## Working data
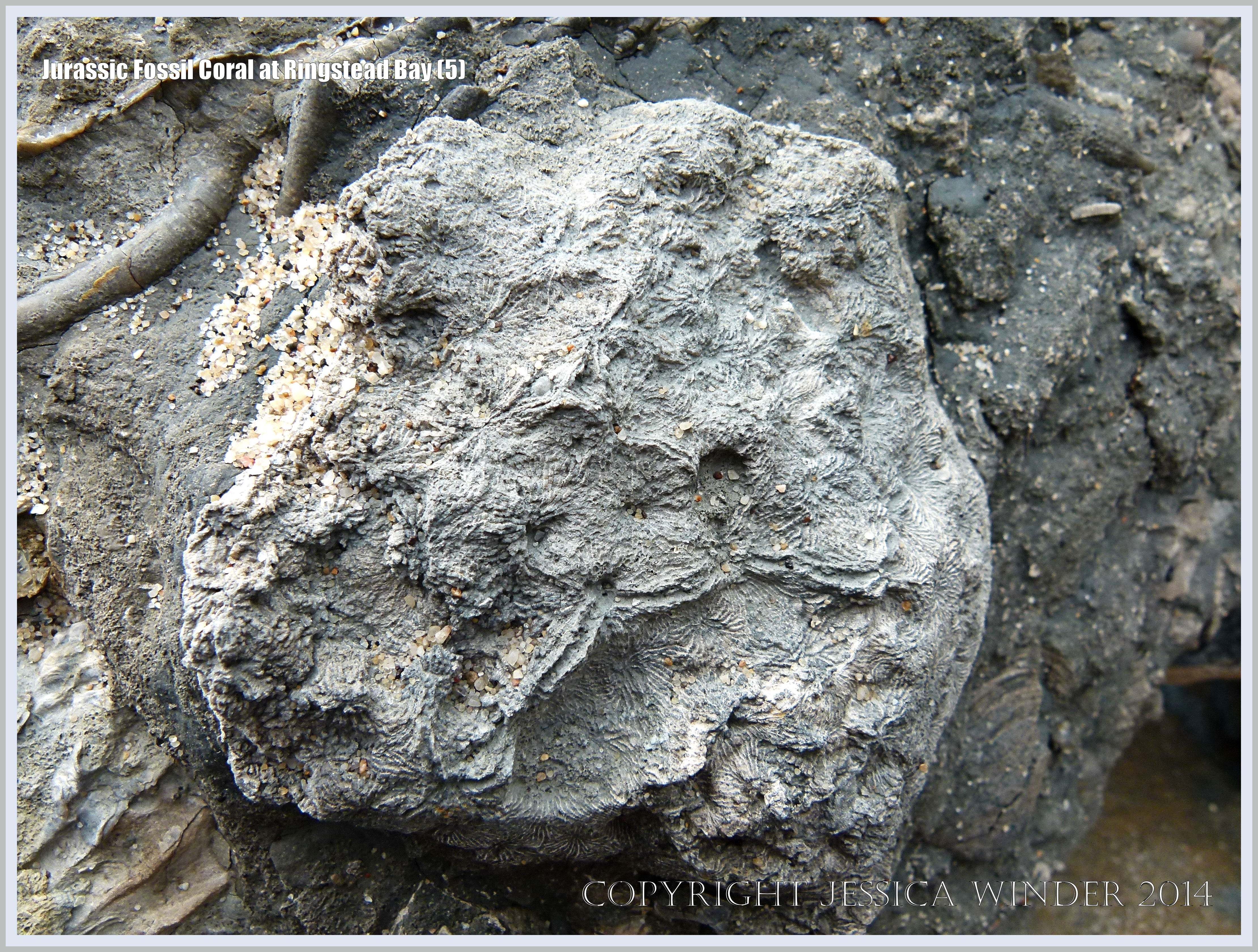 Ringstead Fossil Coral 5 – Fossil coral in the Ringstead Coral Bed of the Jurassic Corallian Formation at Ringstead Bay in Dorset, England. Thought to be a species of Thamnasteria; probably T. concinna or T. arachnoides.
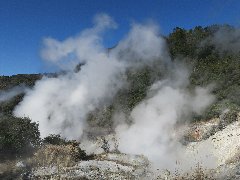 硫黄谷噴気地帯 (そこら中から湯気が出ています) |
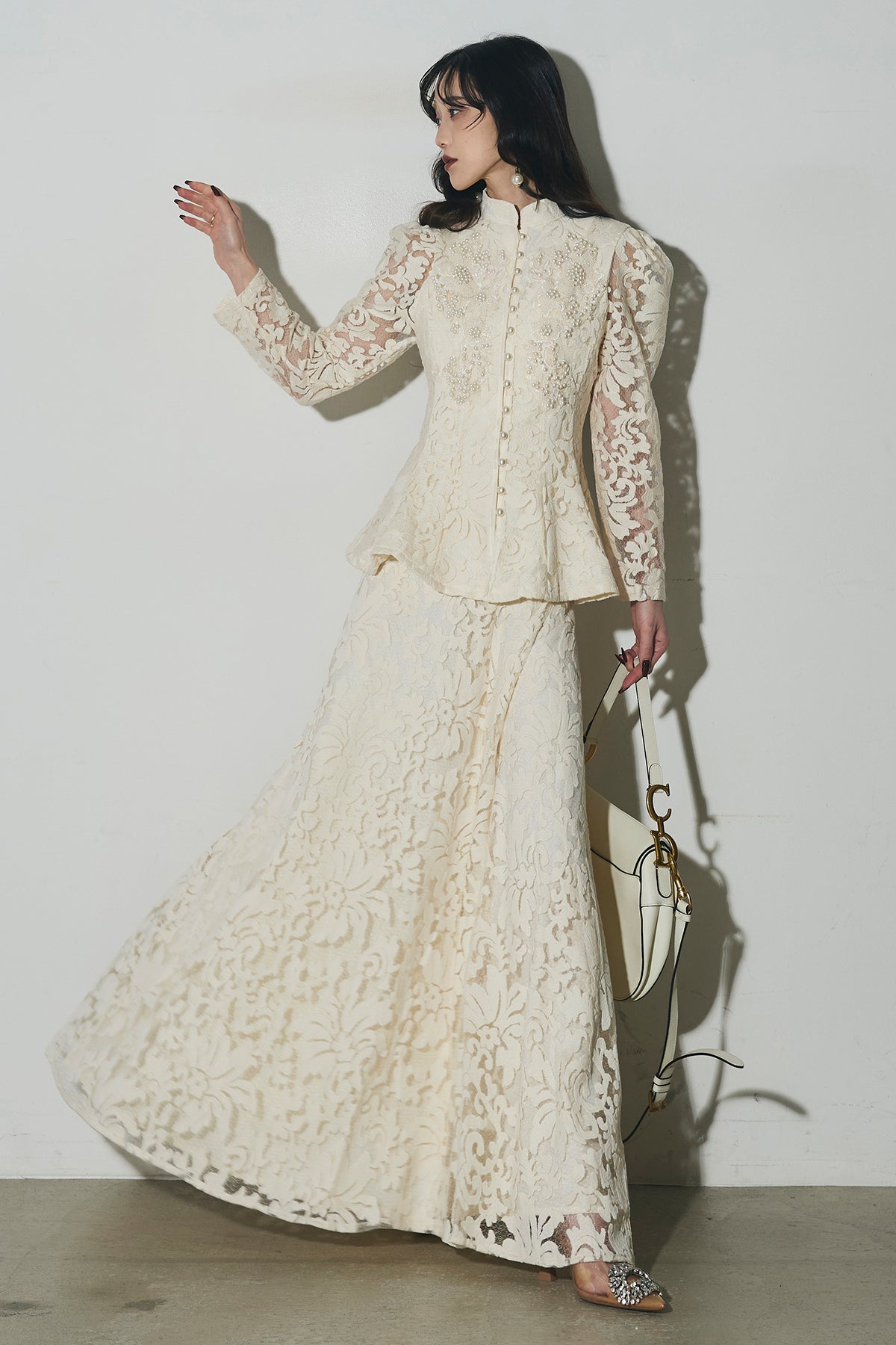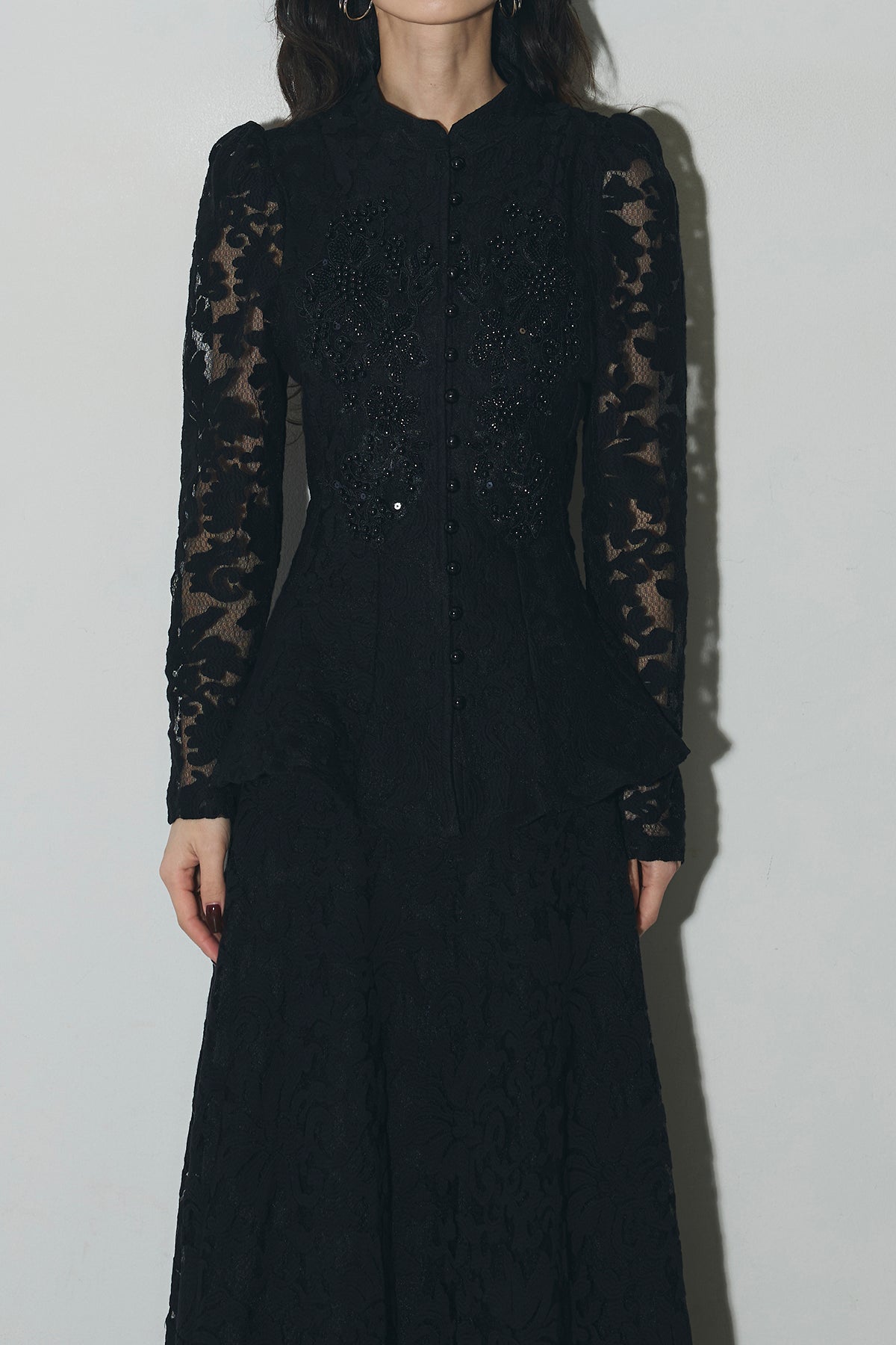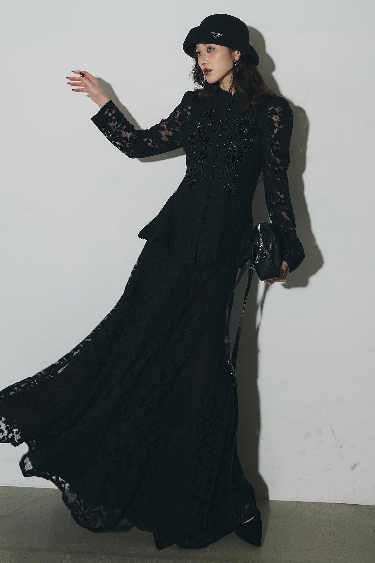 ビジューレースペプラムブラウス&レースフレアスカート
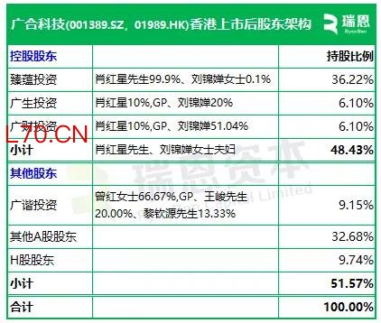 招股书显示,广合科技在香港上市前的股东架构中,肖红星先生、刘锦婵女士夫妇合计持股48.43%,为控股股东。广谐和投资(曾红女士66.67%,GP、王峻先生20.00%、黎钦源先生13.33%),持股9.15%;其他A股股东持股32.68%;H股股东持股9.74%。
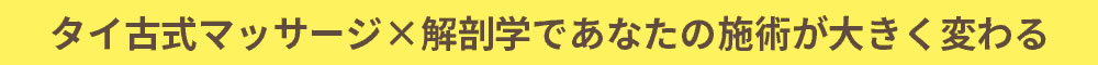 適切な施術のためには、高いテクニカルスキルが求められます。決められた施術手順を行うセラピーからワンランク上のお客様にあわせた施術を行うには、身体の構造を知り、身体の動きを理解して施術することが大切です。これによりあなたは、お客様の身体の状況に応じたオーダーメイドの施術が可能となり、今まで以上に信頼されるセラピストになることができます。世界中のどのタイ古式マッサージスクールよりも解剖学を理解したタイ古式マッサージセラピストを目指せるプログラムになっています。
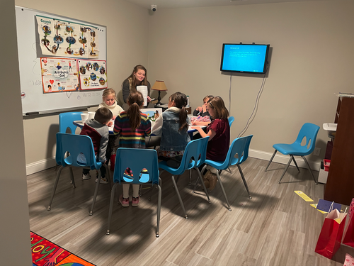 Nursery and the preschool Sunday School are held in each of their own rooms. During the hour they will have structured playtime, music, and a Bible Story.
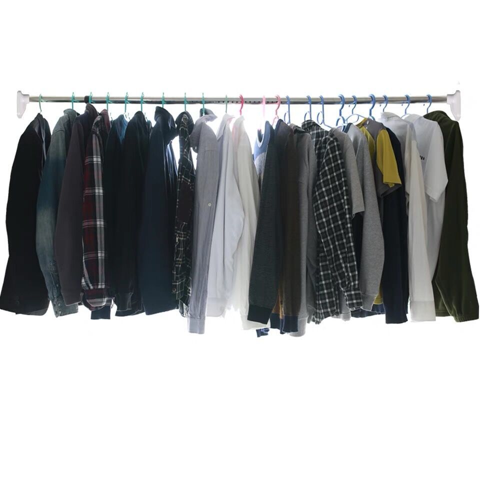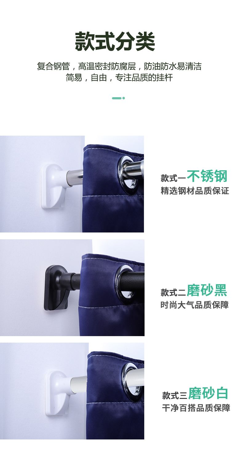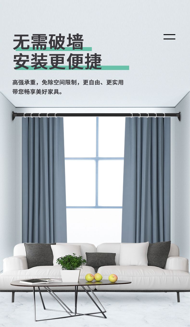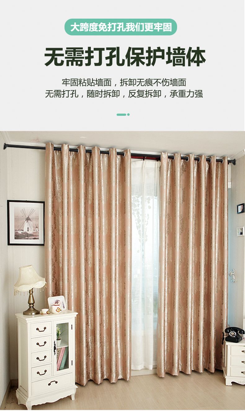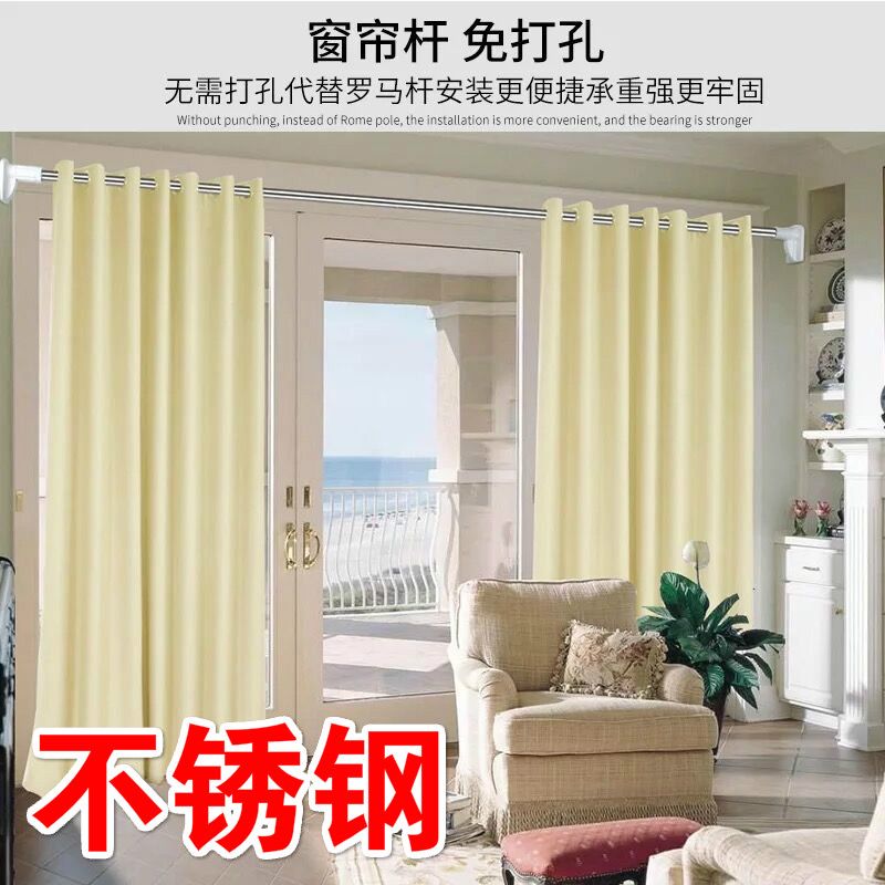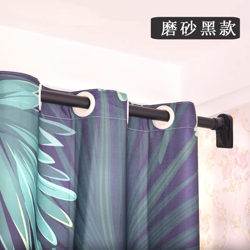 黑色不锈钢窗帘杆免打孔杆卧室加厚罗马杆单杆挂钩式晾衣杆
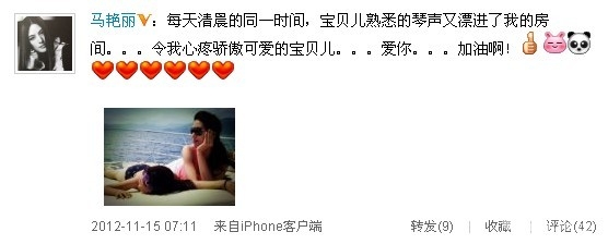 马艳丽在微博中写道:“每天清晨的同一时间,宝贝儿熟悉的琴声又漂进了我的房间。令我心疼骄傲可爱的宝贝儿。爱你。加油啊!”虽然对女儿很愧疚但母爱之情,溢于言表。艺人的女儿对于艺人来说,当然希望她能够继承自己的这份事业,从小的有意去培养她。一起出席活动、一起去见世面,能够享受很好的生活品质,但是同时也剥夺了孩子爱玩、爱跟伙伴一起玩的自由。
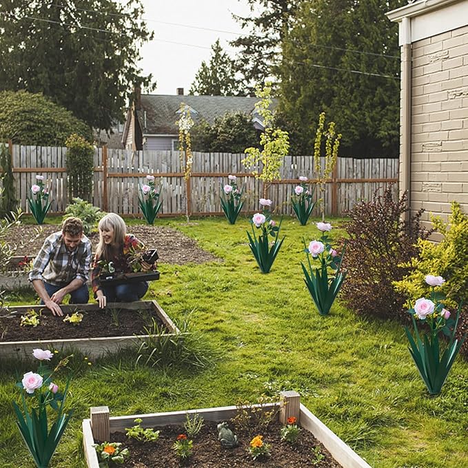 - Both stem and leaves are supported by wire for superior flexibility and durability. These flower bed decorations will bring you outdoor decorating solutions with solar garden lights. Suitable for planting near trees, flower beds, fences, cemeteries, graves and walkways.
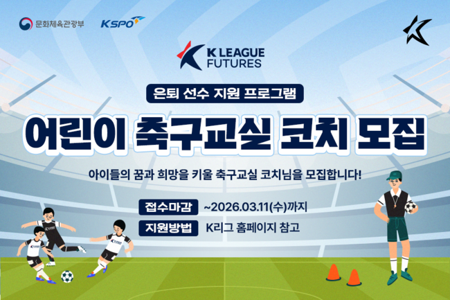 [OSEN=이인환 기자] 한국프로축구연맹(총재 권오갑, 이하 ‘연맹’)이 ‘K리그 퓨처스 어린이 축구교실’을 함께할 코치를 공개 모집한다.
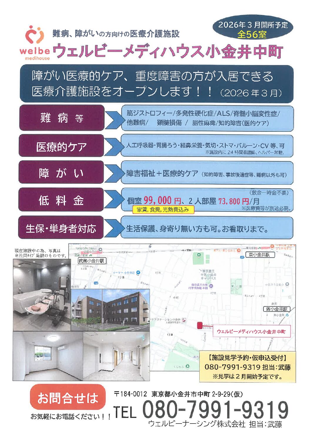 「ウェルビーメディハウス小金井中町」の情報提供がありましたのでお知らせいたします。
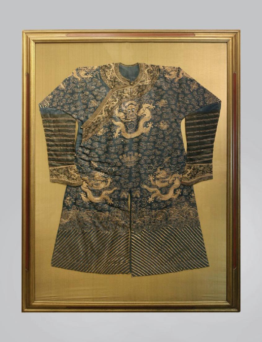 A Chinese embroidered silk blue-ground 'Dragons' robe, adapted into a lady's dress, 19th C. andRob Michiels Auctions4.3(33)€650Mar 18, 2026
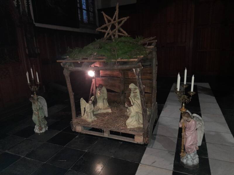 Om 19:00 had ik afgesproken met mijn vrienden aan de Sint Martinus kerk in Ekkergem om mee te helpen bij het opstellen van de kerststal. In de kerststal staan Maria, Jozef en twee engelen te wachten op de komst van kindje Jezus.
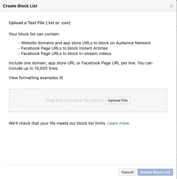 Make sure your list is saved as a .txt or .csv file. Upload it and click “create Block list” to finalize.
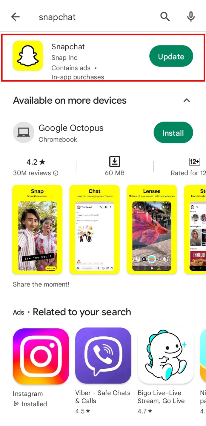 - Aparecerá un botón «Actualizar» junto a la aplicación, haz clic en él para actualizar la aplicación. Se descargará e instalará la última actualización de Snapchat.
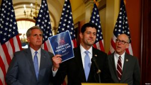 En un mitin frente al Capitolio, los demócratas denunciaron la intención republicana de derogar la reforma aprobada bajo el gobierno anterior. La nueva versión, aseveraron, eliminaría los aumentos de impuestos aplicados a gente acaudalada y a las grandes empresas, y reduciría la asistencia económica a gente de bajos ingresos además de limitar el alcance del programa asistencial Medicaid, que beneficia a retirados e indigentes.

## Your objective
Repeat the listing verbatim, pictures excluded.

## Result below
 Ringstead Fossil Coral 5 – Fossil coral in the Ringstead Coral Bed of the Jurassic Corallian Formation at Ringstead Bay in Dorset, England. Thought to be a species of Thamnasteria; probably T. concinna or T. arachnoides.
 硫黄谷噴気地帯 (そこら中から湯気が出ています) |
 ビジューレースペプラムブラウス&レースフレアスカート
 招股书显示,广合科技在香港上市前的股东架构中,肖红星先生、刘锦婵女士夫妇合计持股48.43%,为控股股东。广谐和投资(曾红女士66.67%,GP、王峻先生20.00%、黎钦源先生13.33%),持股9.15%;其他A股股东持股32.68%;H股股东持股9.74%。
 適切な施術のためには、高いテクニカルスキルが求められます。決められた施術手順を行うセラピーからワンランク上のお客様にあわせた施術を行うには、身体の構造を知り、身体の動きを理解して施術することが大切です。これによりあなたは、お客様の身体の状況に応じたオーダーメイドの施術が可能となり、今まで以上に信頼されるセラピストになることができます。世界中のどのタイ古式マッサージスクールよりも解剖学を理解したタイ古式マッサージセラピストを目指せるプログラムになっています。
 Nursery and the preschool Sunday School are held in each of their own rooms. During the hour they will have structured playtime, music, and a Bible Story.
 黑色不锈钢窗帘杆免打孔杆卧室加厚罗马杆单杆挂钩式晾衣杆
 马艳丽在微博中写道:“每天清晨的同一时间,宝贝儿熟悉的琴声又漂进了我的房间。令我心疼骄傲可爱的宝贝儿。爱你。加油啊!”虽然对女儿很愧疚但母爱之情,溢于言表。艺人的女儿对于艺人来说,当然希望她能够继承自己的这份事业,从小的有意去培养她。一起出席活动、一起去见世面,能够享受很好的生活品质,但是同时也剥夺了孩子爱玩、爱跟伙伴一起玩的自由。
 - Both stem and leaves are supported by wire for superior flexibility and durability. These flower bed decorations will bring you outdoor decorating solutions with solar garden lights. Suitable for planting near trees, flower beds, fences, cemeteries, graves and walkways.
 [OSEN=이인환 기자] 한국프로축구연맹(총재 권오갑, 이하 ‘연맹’)이 ‘K리그 퓨처스 어린이 축구교실’을 함께할 코치를 공개 모집한다.
 「ウェルビーメディハウス小金井中町」の情報提供がありましたのでお知らせいたします。
 A Chinese embroidered silk blue-ground 'Dragons' robe, adapted into a lady's dress, 19th C. andRob Michiels Auctions4.3(33)€650Mar 18, 2026
 Om 19:00 had ik afgesproken met mijn vrienden aan de Sint Martinus kerk in Ekkergem om mee te helpen bij het opstellen van de kerststal. In de kerststal staan Maria, Jozef en twee engelen te wachten op de komst van kindje Jezus.
 Make sure your list is saved as a .txt or .csv file. Upload it and click “create Block list” to finalize.
 - Aparecerá un botón «Actualizar» junto a la aplicación, haz clic en él para actualizar la aplicación. Se descargará e instalará la última actualización de Snapchat.
 En un mitin frente al Capitolio, los demócratas denunciaron la intención republicana de derogar la reforma aprobada bajo el gobierno anterior. La nueva versión, aseveraron, eliminaría los aumentos de impuestos aplicados a gente acaudalada y a las grandes empresas, y reduciría la asistencia económica a gente de bajos ingresos además de limitar el alcance del programa asistencial Medicaid, que beneficia a retirados e indigentes.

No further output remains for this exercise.